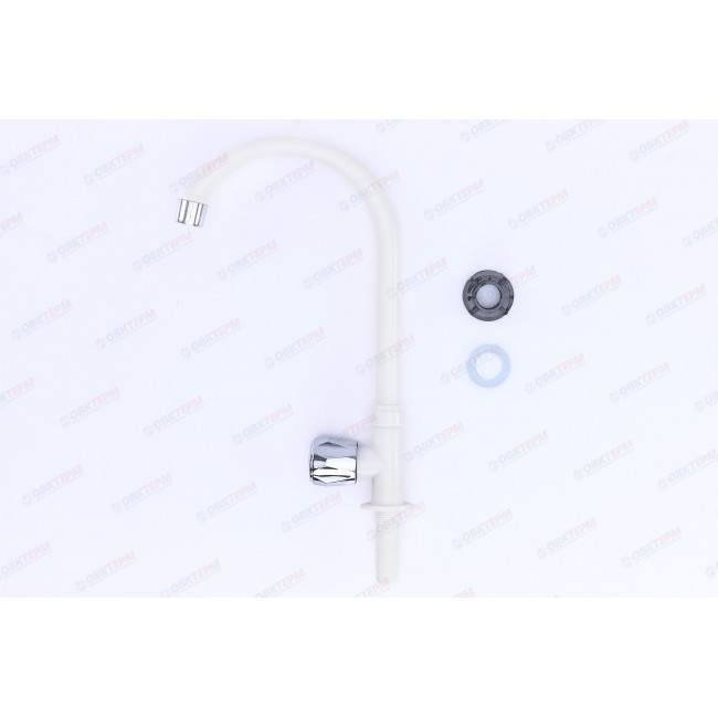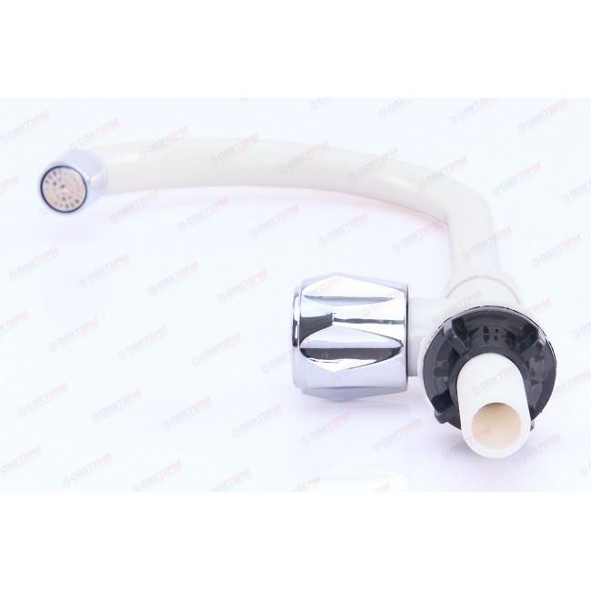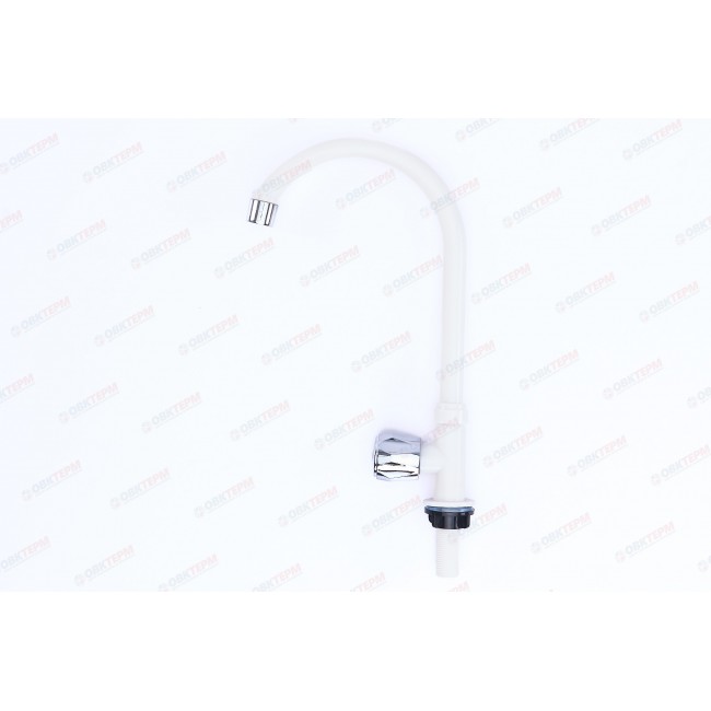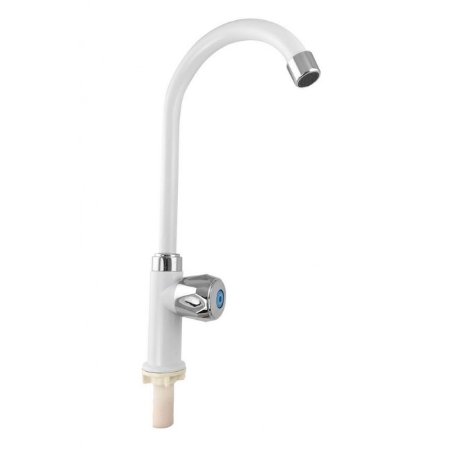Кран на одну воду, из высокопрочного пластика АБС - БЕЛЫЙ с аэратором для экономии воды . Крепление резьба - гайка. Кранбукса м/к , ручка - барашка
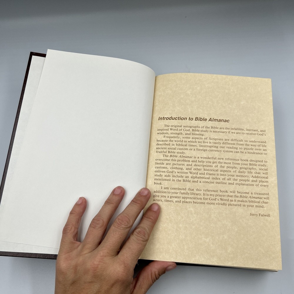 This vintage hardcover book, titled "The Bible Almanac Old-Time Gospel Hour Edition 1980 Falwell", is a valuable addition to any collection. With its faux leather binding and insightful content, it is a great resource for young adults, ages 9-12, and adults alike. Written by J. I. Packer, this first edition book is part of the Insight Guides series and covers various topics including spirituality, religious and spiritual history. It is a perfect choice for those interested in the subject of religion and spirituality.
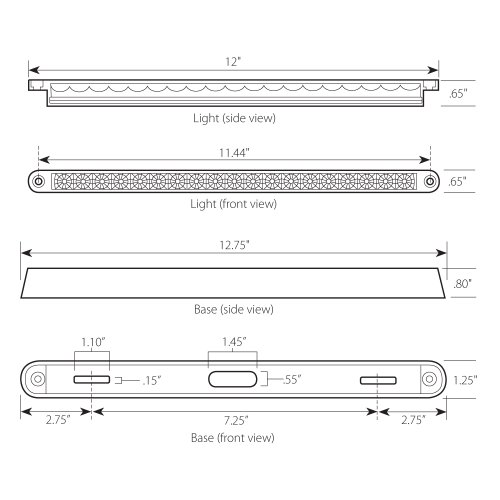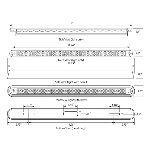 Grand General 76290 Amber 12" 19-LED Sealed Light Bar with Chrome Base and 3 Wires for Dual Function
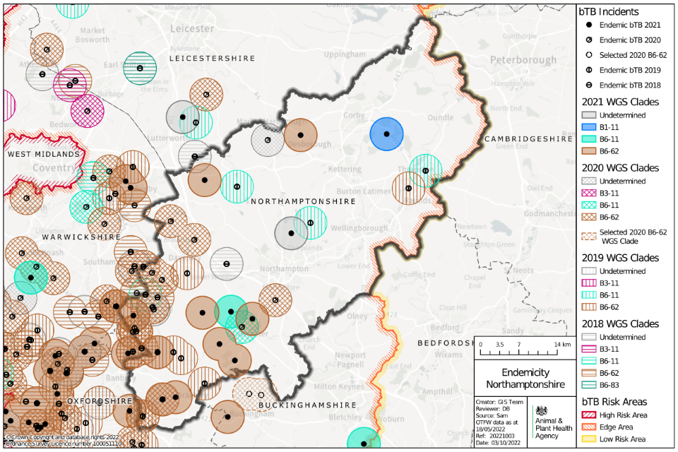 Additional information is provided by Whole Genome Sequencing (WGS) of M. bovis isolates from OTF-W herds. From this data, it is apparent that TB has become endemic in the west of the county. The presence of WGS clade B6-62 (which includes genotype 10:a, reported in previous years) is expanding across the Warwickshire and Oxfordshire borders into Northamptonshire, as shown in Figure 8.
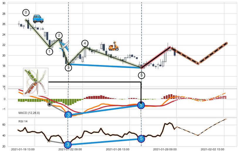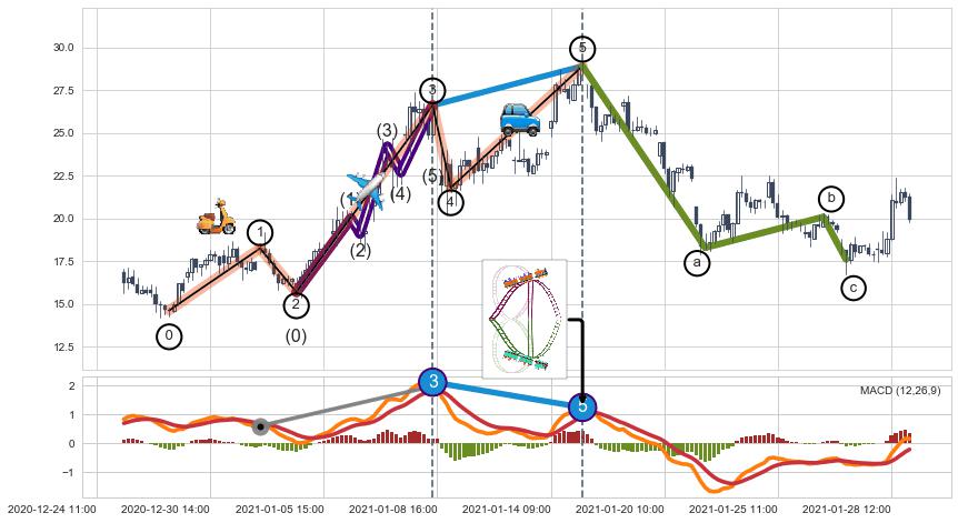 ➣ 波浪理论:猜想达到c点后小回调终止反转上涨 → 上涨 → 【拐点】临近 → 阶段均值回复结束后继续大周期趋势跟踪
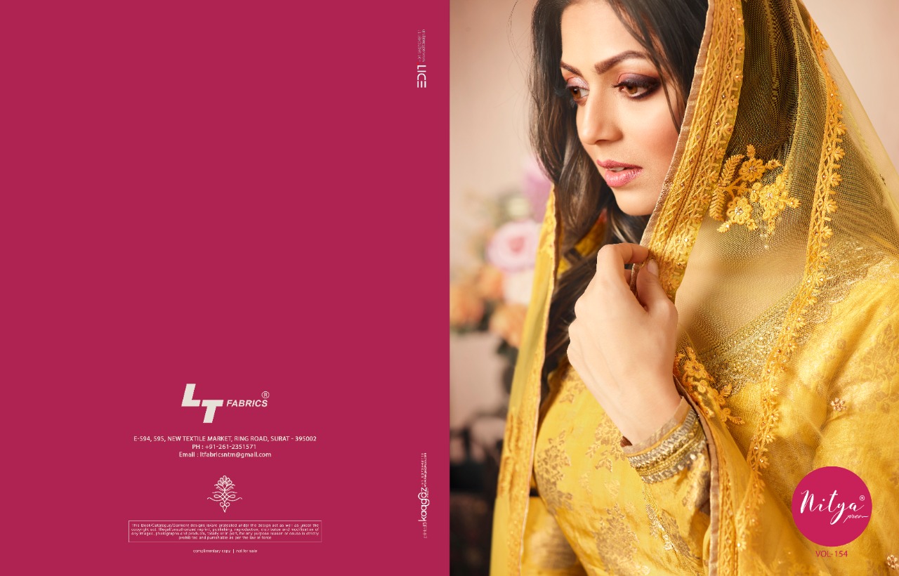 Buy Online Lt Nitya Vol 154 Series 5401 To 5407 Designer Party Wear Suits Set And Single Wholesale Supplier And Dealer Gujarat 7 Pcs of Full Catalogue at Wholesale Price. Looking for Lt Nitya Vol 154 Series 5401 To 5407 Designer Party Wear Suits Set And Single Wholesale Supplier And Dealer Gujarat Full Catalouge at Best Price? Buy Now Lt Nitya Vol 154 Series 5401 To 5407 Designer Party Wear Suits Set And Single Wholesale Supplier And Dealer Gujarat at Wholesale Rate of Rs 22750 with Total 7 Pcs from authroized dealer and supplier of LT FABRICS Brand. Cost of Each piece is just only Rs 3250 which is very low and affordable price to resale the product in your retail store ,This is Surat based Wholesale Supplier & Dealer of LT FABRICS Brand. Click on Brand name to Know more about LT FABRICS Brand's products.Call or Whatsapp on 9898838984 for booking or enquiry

——

:: Assignment ::
Repeat only the lines from the beginning of the material through the line containing "上涨 → 【拐点】临近 → 阶段均值回复结束后继续大周期趋势跟踪", both ends kept, leaving pictures out.

:: Written response ::
Кран на одну воду, из высокопрочного пластика АБС - БЕЛЫЙ с аэратором для экономии воды . Крепление резьба - гайка. Кранбукса м/к , ручка - барашка
 This vintage hardcover book, titled "The Bible Almanac Old-Time Gospel Hour Edition 1980 Falwell", is a valuable addition to any collection. With its faux leather binding and insightful content, it is a great resource for young adults, ages 9-12, and adults alike. Written by J. I. Packer, this first edition book is part of the Insight Guides series and covers various topics including spirituality, religious and spiritual history. It is a perfect choice for those interested in the subject of religion and spirituality.
 Grand General 76290 Amber 12" 19-LED Sealed Light Bar with Chrome Base and 3 Wires for Dual Function
 Additional information is provided by Whole Genome Sequencing (WGS) of M. bovis isolates from OTF-W herds. From this data, it is apparent that TB has become endemic in the west of the county. The presence of WGS clade B6-62 (which includes genotype 10:a, reported in previous years) is expanding across the Warwickshire and Oxfordshire borders into Northamptonshire, as shown in Figure 8.
 ➣ 波浪理论:猜想达到c点后小回调终止反转上涨 → 上涨 → 【拐点】临近 → 阶段均值回复结束后继续大周期趋势跟踪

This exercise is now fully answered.